Meggie reached out to take one, inspect it. "What on earth is it?" she asked curiously.
"A French letter." He had forgotten his decision of two years ago, not to tell her he practiced contraception. "I put it on myself before I go inside you. Otherwise I might start a baby, and we can't afford to do that until we get our place." He was sitting naked on the side of the bed, and he was thin, ribs and hips protruding. But his blue eyes shone, he reached out to clasp her hand as it held the French letter. "Nearly there,
Meg, nearly there! I reckon another five thousand pounds will buy us the best property to be had west of Charters Towers."

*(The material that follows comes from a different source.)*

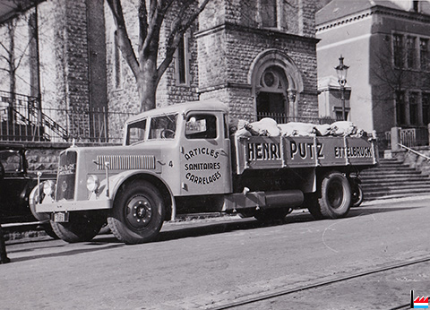 | um 1919? | ![]() LKW der M.A.N.-Lastwagenwerke - Henri PUTZ, Ettelbruck (Collection: Yves Kemp) Erster Lastwagen (mit Kipper) der Firma Henri PÜTZ, Ettelbrück Lieferant: Scheuer, Ettelbrück Es war der 1. Lastwagen der nach dem Kriege 1914-18 in Ettelbrück lief |

"Then you've got it," she said, her voice quite calm. "I can write to Bishop de Bricassart and ask him for a loan of the money. He won't charge us interest."
"You most certainly won't!" he snapped. "Damn it, Meg, where's your pride? We'll work for what we have, not borrow! I've never owed anyone a penny in all my life, and I'm not going to start now."
She scarcely heard him, glaring at him through a haze of brilliant red. In all her life she had never been so angry! Cheat, liar, egotist! How dared he do it to her, trick her out of a baby, try to make her believe he ever had any intention of becoming a grazier! He'd found his niche, with Arne Swenson and the sugar.
Concealing her rage so well it surprised her, she turned her attention back to the little rubber wheel in her hand. "Tell me about these French letter things. How do they stop me having a baby?"
He came to stand behind her, and contact of their bodies made her shiver; from excitement he thought, from disgust she knew. "Don't you know anything, Meg?"
"No," she lied. Which was true about French letters, at any rate; she could not remember ever seeing a mention of them.
His hands played with her breasts, tickling. "Look, when I come I make this-I don't know-stuff, and if I'm up inside you with nothing on, it stays there. When it stays there long enough or often enough, it makes a baby." So that was it! He wore the thing, like a skin on a sausage! Cheat! Turning off the light, he drew her down onto the bed, and it wasn't long before he was groping for his antibaby device; she heard him making the same sounds he had made in the Dunny pub bedroom, knowing now they meant he was pulling on the French letter. The cheat! But how to get around it?
Trying not to let him see how much he hurt her, she endured him. Why did it have to hurt so, if this was a natural thing?